Le village et les marches

Munsiyari lui-même est un hameau de versant étiré, fait de maisons aux toits d’ardoise, d’un petit bazar et d’une population qui appartient en grande partie à la communauté bhotiya — traditionnellement des marchands qui acheminaient des marchandises par les hauts cols vers le Tibet avant la fermeture de la frontière en 1962. Il y a un minuscule musée du patrimoine tribal entretenu avec amour par un instituteur local, bourré des outils, textiles et instruments de ce commerce disparu. Il nous a parlé pendant une heure avec l’intensité d’un homme inquiet que son monde soit oublié, et il a peut-être raison de s’inquiéter.

La randonnée ici est superbe et largement non aménagée.
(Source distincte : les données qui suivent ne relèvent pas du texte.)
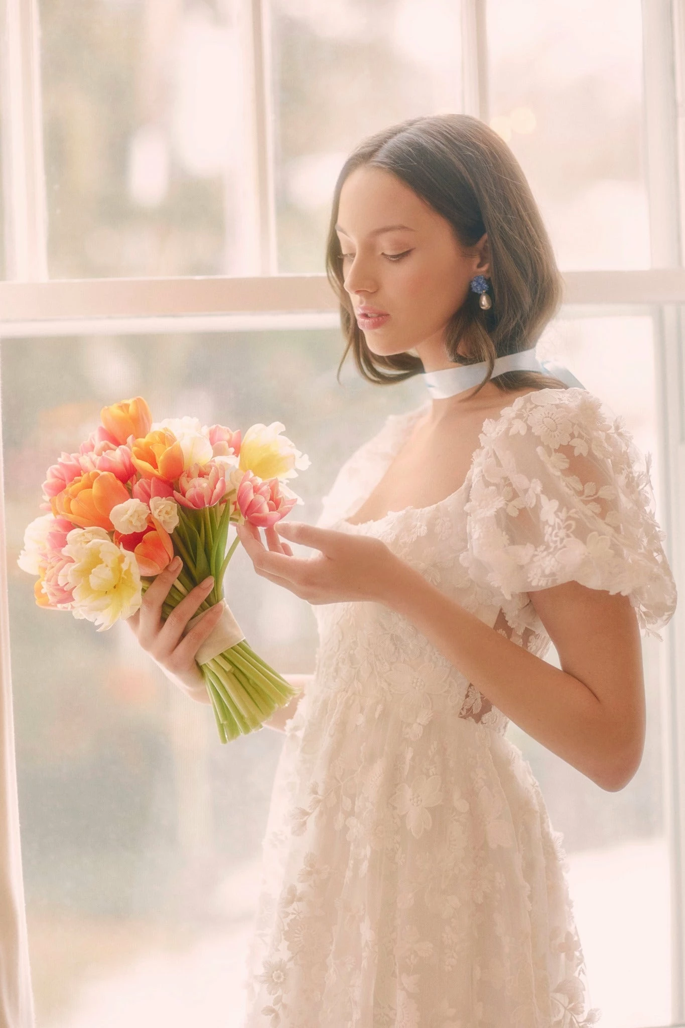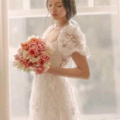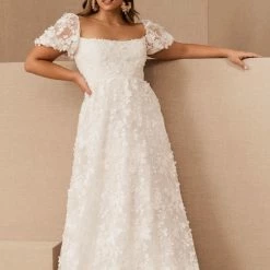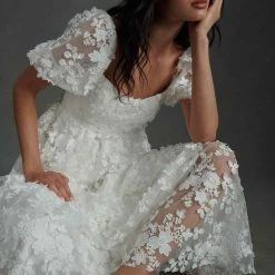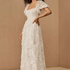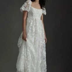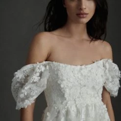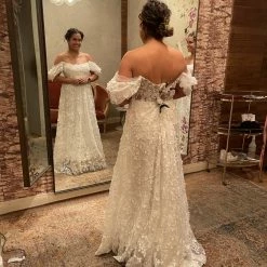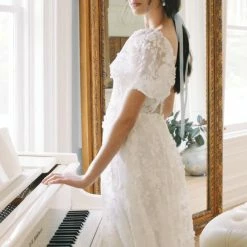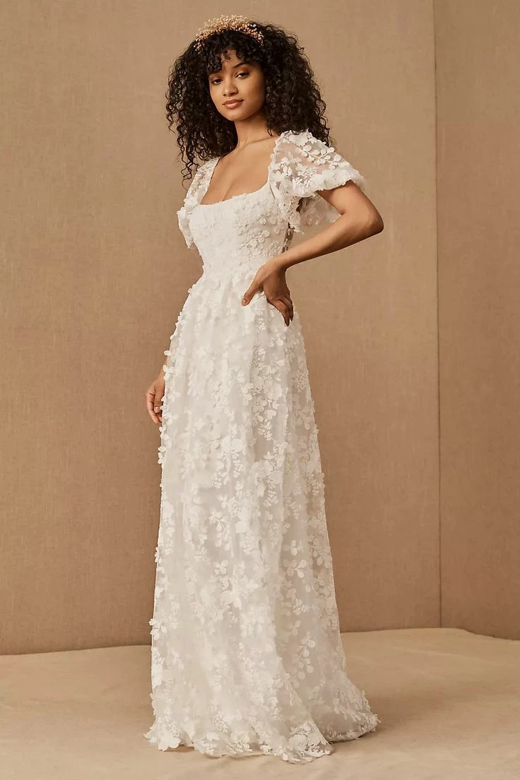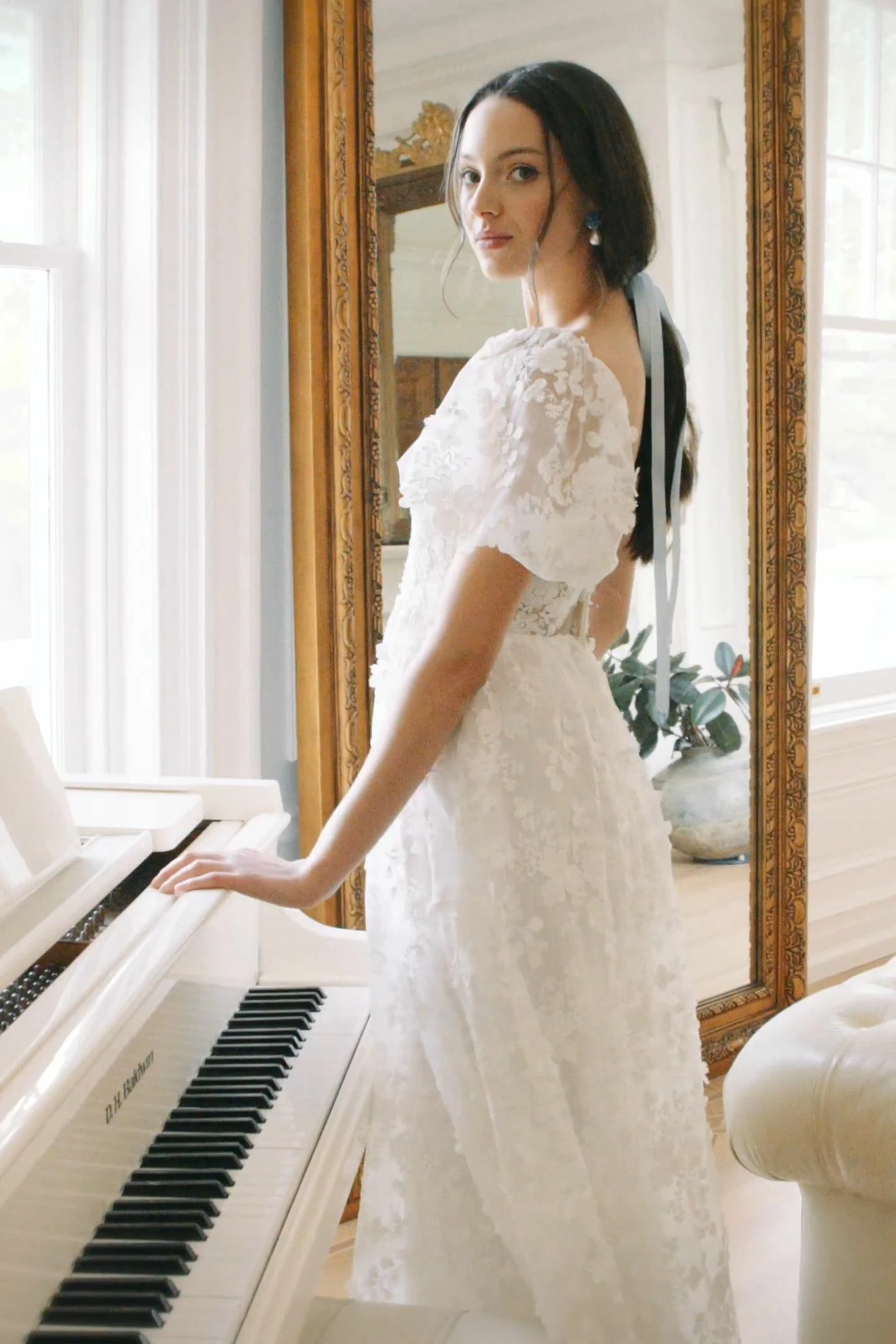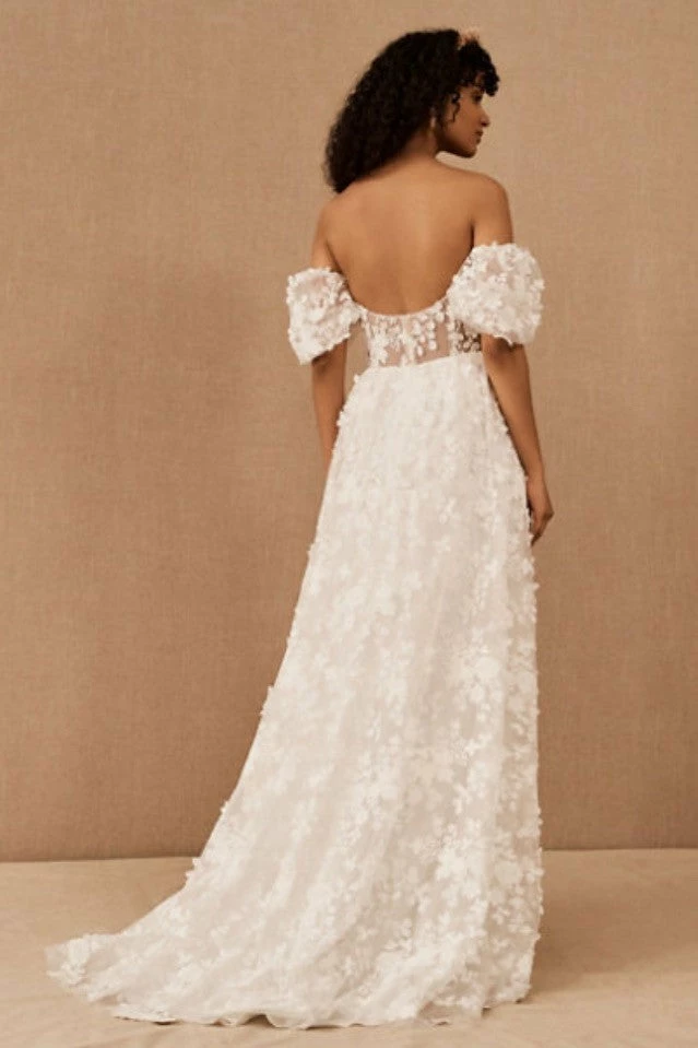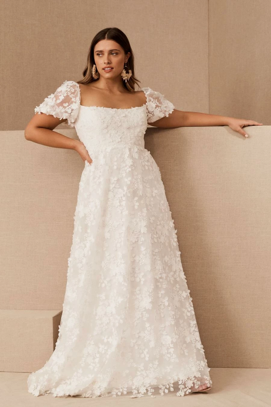 Delicate allover florals add alluring dimension to this romantic A-line gown. A sheer back shows off the intricate embroidery, while the puff sleeves can be worn on or off the shoulder. By Willowby by Watters.Â

Nous avons fait une marche d’une demi-journée vers Khaliya Top, une haute prairie au-dessus du village, montant à travers la forêt de rhododendrons jusqu’à ce que les arbres cèdent et que toute la chaîne du Panchachuli se révèle de l’autre côté de la vallée, sans rien pour la masquer. Nous avons croisé deux femmes locales qui descendaient avec d’énormes fagots de fourrage sur le dos, et qui ont trouvé notre progression lente et haletante discrètement hilarante.

Un sentier montant à travers la forêt de rhododendrons vers la haute prairie de Khaliya au-dessus de Munsiyari avec des sommets enneigés au loin

Pourquoi se donner la peine d’aller si loin

Parce que Munsiyari est ce qu’étaient beaucoup de villes himalayennes avant de devenir célèbres. Pas d’étalement de complexes touristiques, pas de circulation de jeeps, personne pour vous vendre un forfait parapente. C’est froid, reculé, un peu malcommode et absolument sans hâte, et les montagnes sont juste là, énormes et proches, chaque matin dégagé. Nous étions venus en prévoyant deux nuits et en sommes restés quatre. Je défendrais cette décision devant quiconque.

Quand y aller : d’avril à juin pour le ciel dégagé et la floraison des rhododendrons, ou de septembre à novembre après la mousson pour les vues les plus nettes sur les montagnes. L’hiver apporte la neige et un froid sérieux, et la route d’accès peut fermer — magnifique, mais seulement pour les déterminés.